##### Information given #####

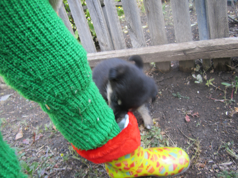 Наши любимцы!Сегодня утром под нашей машиной обнаружился вот такой малыш)Я не разбираюсь в собачьем возрасте,но вроде бы ему месяца два-три. Не представляю откуда он взялся,на нашей улице таких собак нет.Но то что его выкинули понятно всем.Очень активный мальчуган,пока без имени,его маленькая хозяйка еще не определилась) Надеюсь ему у нас будет хорошо)
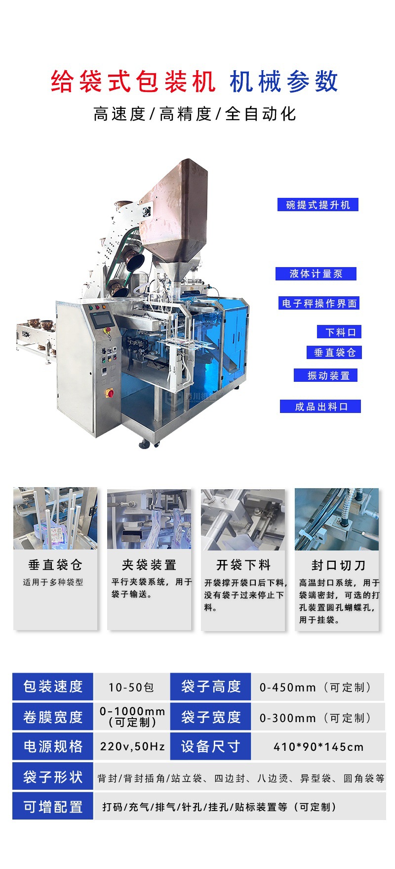 완전 자동 콩나물 포장기, 포장된 제품을 자동으로 액상 소스와 함께 포장하는 계량 포장기
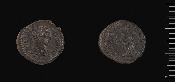 Editor: This is a Tetradrachm of Alexandria under Tacitus, currently housed at the Harvard Art Museums. It has a weathered look, but I can still make out the figures. What stories do you think it tells? Curator: Ah, yes, a coin whispers tales of emperors and empires! For me, it's a meditation on power, fleeting yet enduring, struck into metal. What do you make of the portrait, the way Tacitus chose to represent himself? Editor: I guess I see a sort of stoicism, a sense of duty etched onto his face. Is that right? Curator: Precisely! Perhaps he sought to project strength in uncertain times. Each detail, from the laurel wreath to the very font used, was a calculated move. Think of it—a tiny, portable billboard! Editor: So, this isn't just currency; it's propaganda? Curator: Every coin is propaganda of one kind or another; this one speaks of legacy. It kind of makes you want to find your own coin, doesn’t it? Editor: It does. I never thought about it this way before. Curator: That’s the magic of art! Shifting perspectives with time.
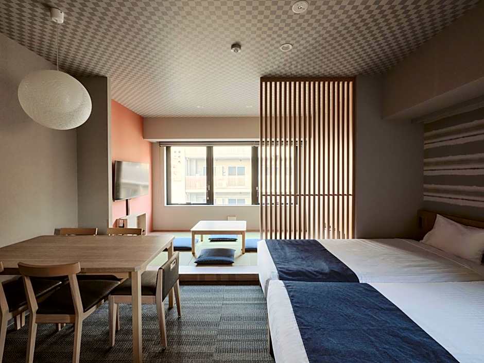 The spacious double room offers air conditioning, a washing machine, as well as a private bathroom featuring a bath and a shower. In the well-fitted kitchen, guests will find a stovetop, a refrigerator, kitchenware and a microwave. The double room provides tatami, a dining area, a wardrobe, a safe deposit box and a flat-screen TV. The unit offers 1 bed.
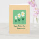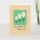 Designed with a soft, rounded rectangle in pastel green at the center, this card frames three stylized flowers in a gentle, affectionate scene ❤️. Each bloom has crisp white petals and a sunny yellow center, arranged from left to right in increasing size, like a quiet little progression of growing closeness. Slender deep-green stems and small leaf accents anchor the flowers inside the green panel, giving the layout a calm, steady balance. The background is a muted peach-beige with a faint texture, wrapping the central panel in a cozy, friendly warmth 🌼. Beneath the floral panel, the text sits centered near the bottom and reads “Happy Mother’s Day Mother-in-law” in deep green lettering. The simple spacing leaves plenty of breathing room, letting the flowers and message feel like they’re leaning toward each other with tender ease. The three blossoms step upward in size, with the smallest on the left and the largest on the right, all set against the softly textured peach-beige field.
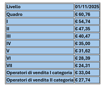 Secondo le tabelle economiche previste dagli accordi firmati nel 2024, gli aumenti decorrono dal 1° novembre 2025 e variano in base al livello di inquadramento. I lavoratori inquadrati come “Quadro” riceveranno 60,76 euro in più al mese, mentre per il I livello l’aumento sarà di 54,74 euro.
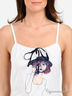 Детали: майка - тонкие бретели регулируются по длине; верх изделия на кулиске; на полочке оригинальная аппликация; юбка - широкий отрезной пояс на кулиске; карман кенгуру; низ изделия дополнен оборкой; косынка декорирована принтом - точка и контрастной тесьмой

#####

Only the lines from the line holding "Secondo le tabelle" through the last line above belong in the answer, repeated exactly; the pictures do not.

 Secondo le tabelle economiche previste dagli accordi firmati nel 2024, gli aumenti decorrono dal 1° novembre 2025 e variano in base al livello di inquadramento. I lavoratori inquadrati come “Quadro” riceveranno 60,76 euro in più al mese, mentre per il I livello l’aumento sarà di 54,74 euro.
 Детали: майка - тонкие бретели регулируются по длине; верх изделия на кулиске; на полочке оригинальная аппликация; юбка - широкий отрезной пояс на кулиске; карман кенгуру; низ изделия дополнен оборкой; косынка декорирована принтом - точка и контрастной тесьмой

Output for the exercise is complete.